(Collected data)
+ + +
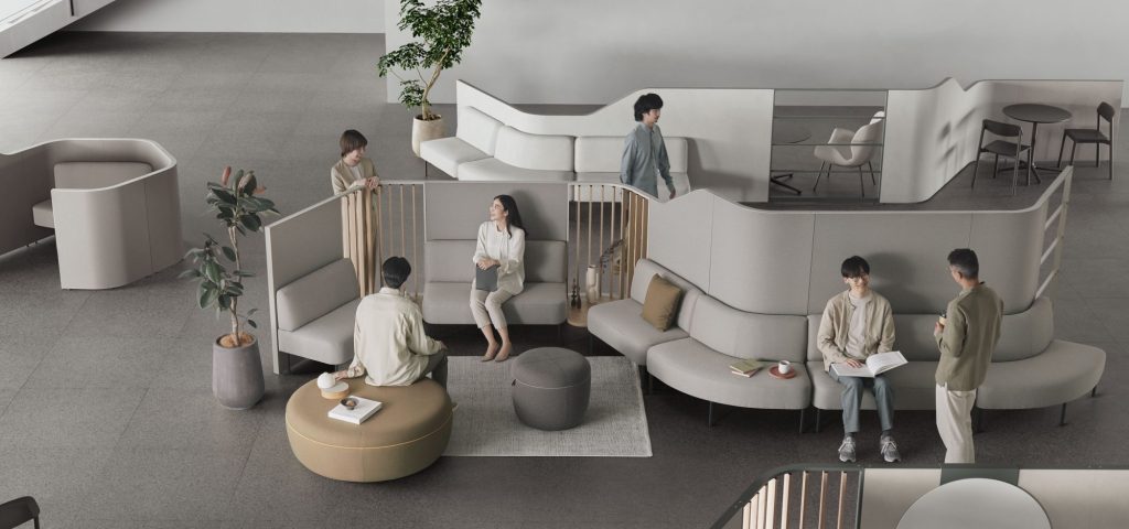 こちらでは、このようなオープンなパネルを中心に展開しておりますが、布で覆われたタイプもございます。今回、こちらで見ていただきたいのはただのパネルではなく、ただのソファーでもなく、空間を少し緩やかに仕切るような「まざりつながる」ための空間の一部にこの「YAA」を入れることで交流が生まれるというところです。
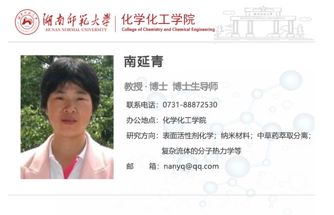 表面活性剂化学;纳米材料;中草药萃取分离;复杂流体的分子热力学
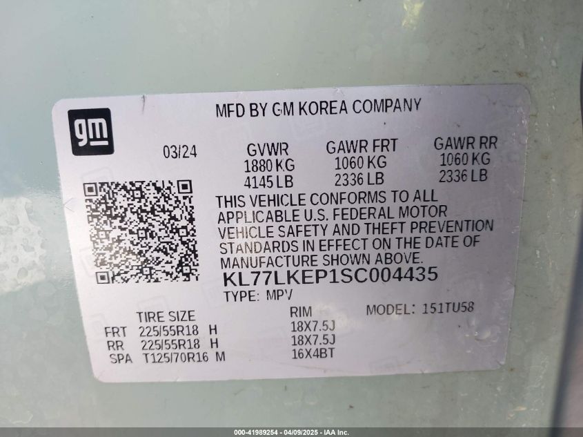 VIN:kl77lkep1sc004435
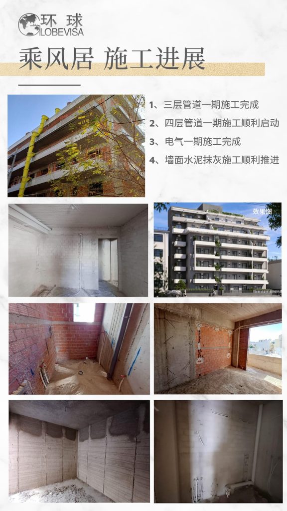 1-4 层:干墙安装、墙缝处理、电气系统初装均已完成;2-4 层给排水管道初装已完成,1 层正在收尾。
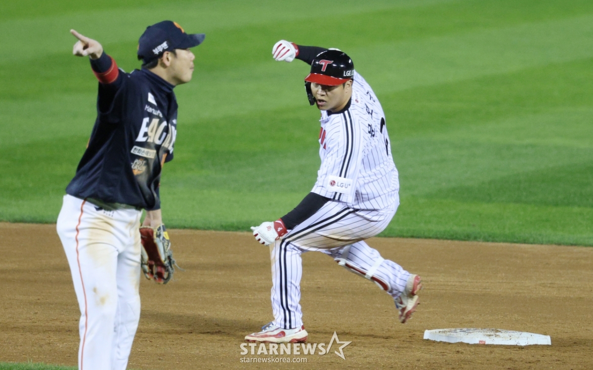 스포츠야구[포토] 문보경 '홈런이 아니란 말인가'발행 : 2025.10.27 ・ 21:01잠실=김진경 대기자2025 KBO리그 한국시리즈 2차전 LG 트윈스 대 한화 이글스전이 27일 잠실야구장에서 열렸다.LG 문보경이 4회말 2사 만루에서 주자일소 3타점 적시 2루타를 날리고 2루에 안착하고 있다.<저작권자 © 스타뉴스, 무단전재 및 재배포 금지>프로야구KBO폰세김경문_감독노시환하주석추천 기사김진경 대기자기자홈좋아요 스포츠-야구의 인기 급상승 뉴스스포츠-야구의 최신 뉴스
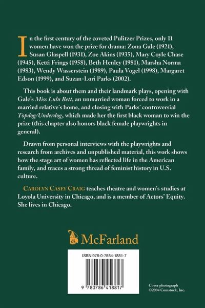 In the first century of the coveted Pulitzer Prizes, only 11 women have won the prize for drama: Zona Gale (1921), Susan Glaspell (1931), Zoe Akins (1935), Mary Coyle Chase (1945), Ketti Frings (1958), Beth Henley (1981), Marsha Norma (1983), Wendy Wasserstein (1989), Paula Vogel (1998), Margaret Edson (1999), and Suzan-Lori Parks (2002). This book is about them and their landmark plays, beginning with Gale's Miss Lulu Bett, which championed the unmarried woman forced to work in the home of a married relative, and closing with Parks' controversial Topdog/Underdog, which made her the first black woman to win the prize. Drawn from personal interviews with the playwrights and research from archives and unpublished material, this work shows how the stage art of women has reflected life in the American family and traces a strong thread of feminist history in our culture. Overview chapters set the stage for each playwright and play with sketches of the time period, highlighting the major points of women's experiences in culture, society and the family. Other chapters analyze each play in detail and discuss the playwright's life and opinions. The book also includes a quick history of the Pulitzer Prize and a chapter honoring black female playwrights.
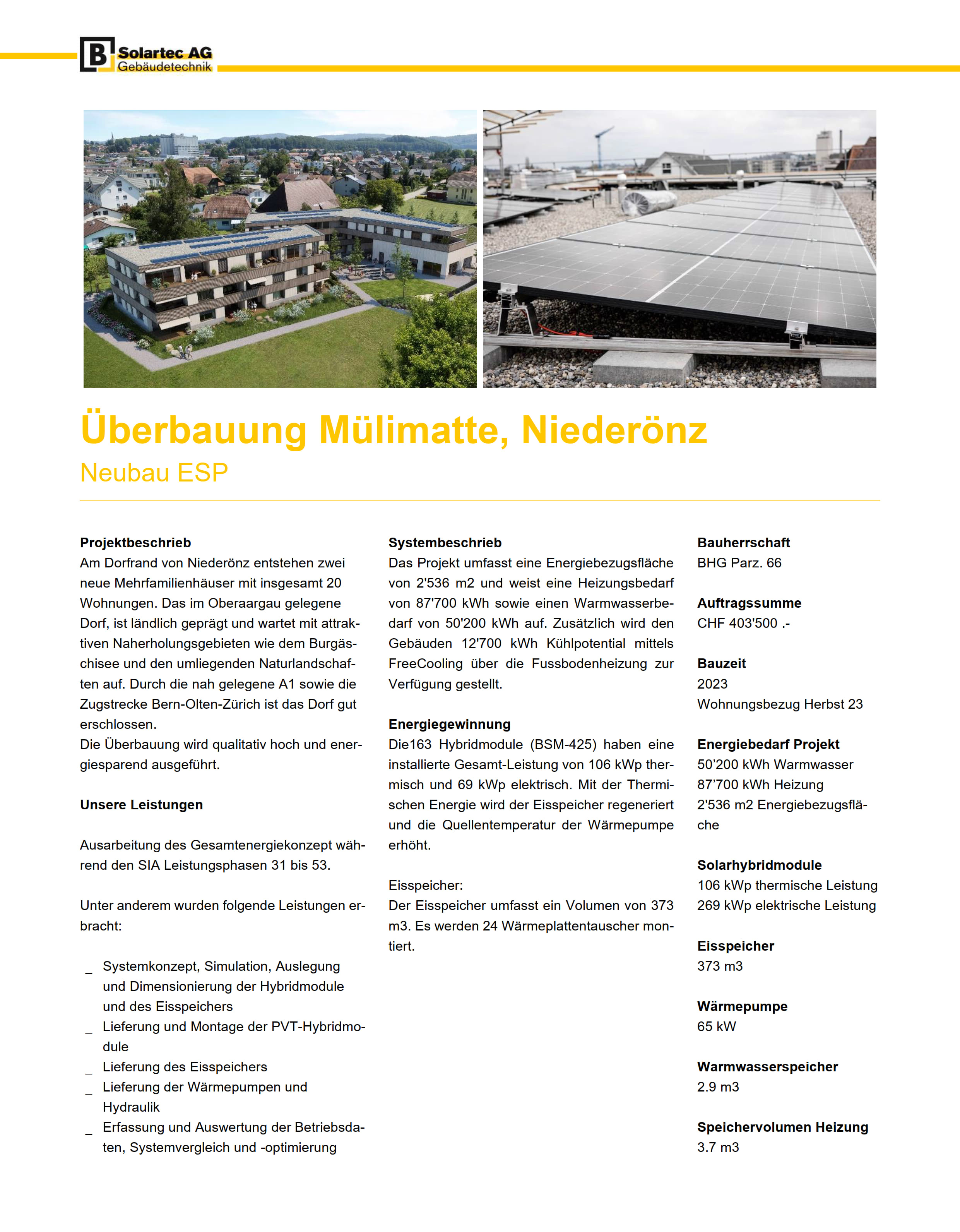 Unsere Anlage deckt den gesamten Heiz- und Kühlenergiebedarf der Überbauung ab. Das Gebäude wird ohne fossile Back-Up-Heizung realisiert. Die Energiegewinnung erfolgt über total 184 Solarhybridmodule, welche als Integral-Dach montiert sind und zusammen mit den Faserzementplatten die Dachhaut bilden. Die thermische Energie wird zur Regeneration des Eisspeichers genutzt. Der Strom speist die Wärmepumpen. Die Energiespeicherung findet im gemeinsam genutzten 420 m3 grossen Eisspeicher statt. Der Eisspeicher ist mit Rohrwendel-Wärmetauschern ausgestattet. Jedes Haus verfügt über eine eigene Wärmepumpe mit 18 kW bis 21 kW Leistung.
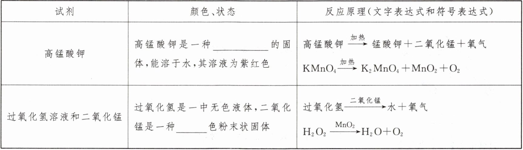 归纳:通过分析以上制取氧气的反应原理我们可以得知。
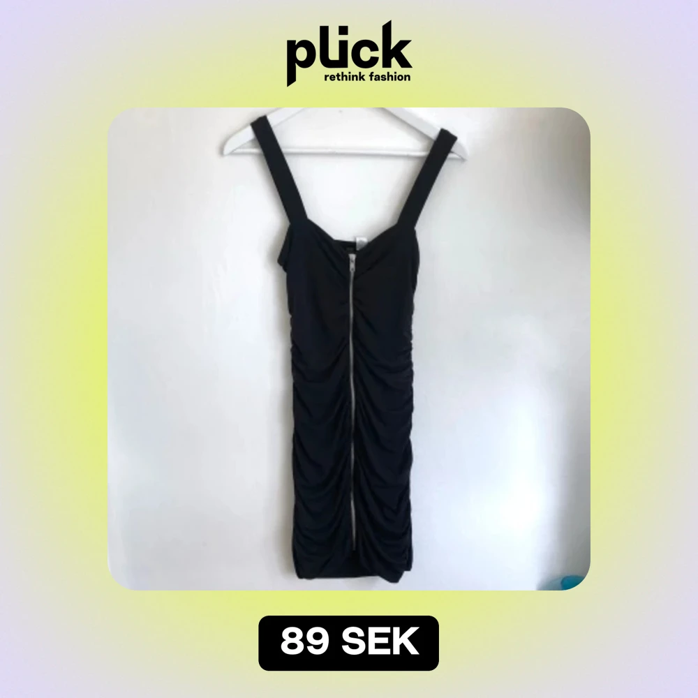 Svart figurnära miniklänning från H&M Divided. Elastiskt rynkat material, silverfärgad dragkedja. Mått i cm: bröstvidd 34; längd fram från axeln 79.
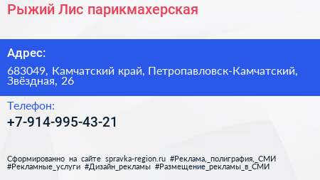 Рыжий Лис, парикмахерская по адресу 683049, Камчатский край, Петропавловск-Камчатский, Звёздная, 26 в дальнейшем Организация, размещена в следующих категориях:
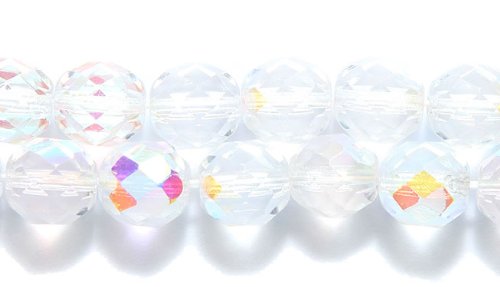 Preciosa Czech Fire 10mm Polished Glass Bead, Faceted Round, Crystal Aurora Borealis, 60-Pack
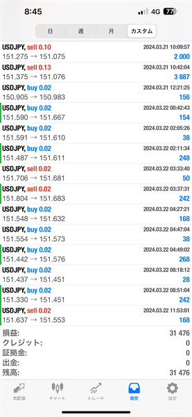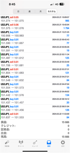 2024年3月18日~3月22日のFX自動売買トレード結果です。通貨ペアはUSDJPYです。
+ + +
**Exercise directions:** The required output is each record above, reproduced exactly, without its pictures.

**Answer area:**
 こちらでは、このようなオープンなパネルを中心に展開しておりますが、布で覆われたタイプもございます。今回、こちらで見ていただきたいのはただのパネルではなく、ただのソファーでもなく、空間を少し緩やかに仕切るような「まざりつながる」ための空間の一部にこの「YAA」を入れることで交流が生まれるというところです。
 表面活性剂化学;纳米材料;中草药萃取分离;复杂流体的分子热力学
 VIN:kl77lkep1sc004435
 1-4 层:干墙安装、墙缝处理、电气系统初装均已完成;2-4 层给排水管道初装已完成,1 层正在收尾。
 스포츠야구[포토] 문보경 '홈런이 아니란 말인가'발행 : 2025.10.27 ・ 21:01잠실=김진경 대기자2025 KBO리그 한국시리즈 2차전 LG 트윈스 대 한화 이글스전이 27일 잠실야구장에서 열렸다.LG 문보경이 4회말 2사 만루에서 주자일소 3타점 적시 2루타를 날리고 2루에 안착하고 있다.<저작권자 © 스타뉴스, 무단전재 및 재배포 금지>프로야구KBO폰세김경문_감독노시환하주석추천 기사김진경 대기자기자홈좋아요 스포츠-야구의 인기 급상승 뉴스스포츠-야구의 최신 뉴스
 In the first century of the coveted Pulitzer Prizes, only 11 women have won the prize for drama: Zona Gale (1921), Susan Glaspell (1931), Zoe Akins (1935), Mary Coyle Chase (1945), Ketti Frings (1958), Beth Henley (1981), Marsha Norma (1983), Wendy Wasserstein (1989), Paula Vogel (1998), Margaret Edson (1999), and Suzan-Lori Parks (2002). This book is about them and their landmark plays, beginning with Gale's Miss Lulu Bett, which championed the unmarried woman forced to work in the home of a married relative, and closing with Parks' controversial Topdog/Underdog, which made her the first black woman to win the prize. Drawn from personal interviews with the playwrights and research from archives and unpublished material, this work shows how the stage art of women has reflected life in the American family and traces a strong thread of feminist history in our culture. Overview chapters set the stage for each playwright and play with sketches of the time period, highlighting the major points of women's experiences in culture, society and the family. Other chapters analyze each play in detail and discuss the playwright's life and opinions. The book also includes a quick history of the Pulitzer Prize and a chapter honoring black female playwrights.
 Unsere Anlage deckt den gesamten Heiz- und Kühlenergiebedarf der Überbauung ab. Das Gebäude wird ohne fossile Back-Up-Heizung realisiert. Die Energiegewinnung erfolgt über total 184 Solarhybridmodule, welche als Integral-Dach montiert sind und zusammen mit den Faserzementplatten die Dachhaut bilden. Die thermische Energie wird zur Regeneration des Eisspeichers genutzt. Der Strom speist die Wärmepumpen. Die Energiespeicherung findet im gemeinsam genutzten 420 m3 grossen Eisspeicher statt. Der Eisspeicher ist mit Rohrwendel-Wärmetauschern ausgestattet. Jedes Haus verfügt über eine eigene Wärmepumpe mit 18 kW bis 21 kW Leistung.
 归纳:通过分析以上制取氧气的反应原理我们可以得知。
 Svart figurnära miniklänning från H&M Divided. Elastiskt rynkat material, silverfärgad dragkedja. Mått i cm: bröstvidd 34; längd fram från axeln 79.
 Рыжий Лис, парикмахерская по адресу 683049, Камчатский край, Петропавловск-Камчатский, Звёздная, 26 в дальнейшем Организация, размещена в следующих категориях:
 Preciosa Czech Fire 10mm Polished Glass Bead, Faceted Round, Crystal Aurora Borealis, 60-Pack
 2024年3月18日~3月22日のFX自動売買トレード結果です。通貨ペアはUSDJPYです。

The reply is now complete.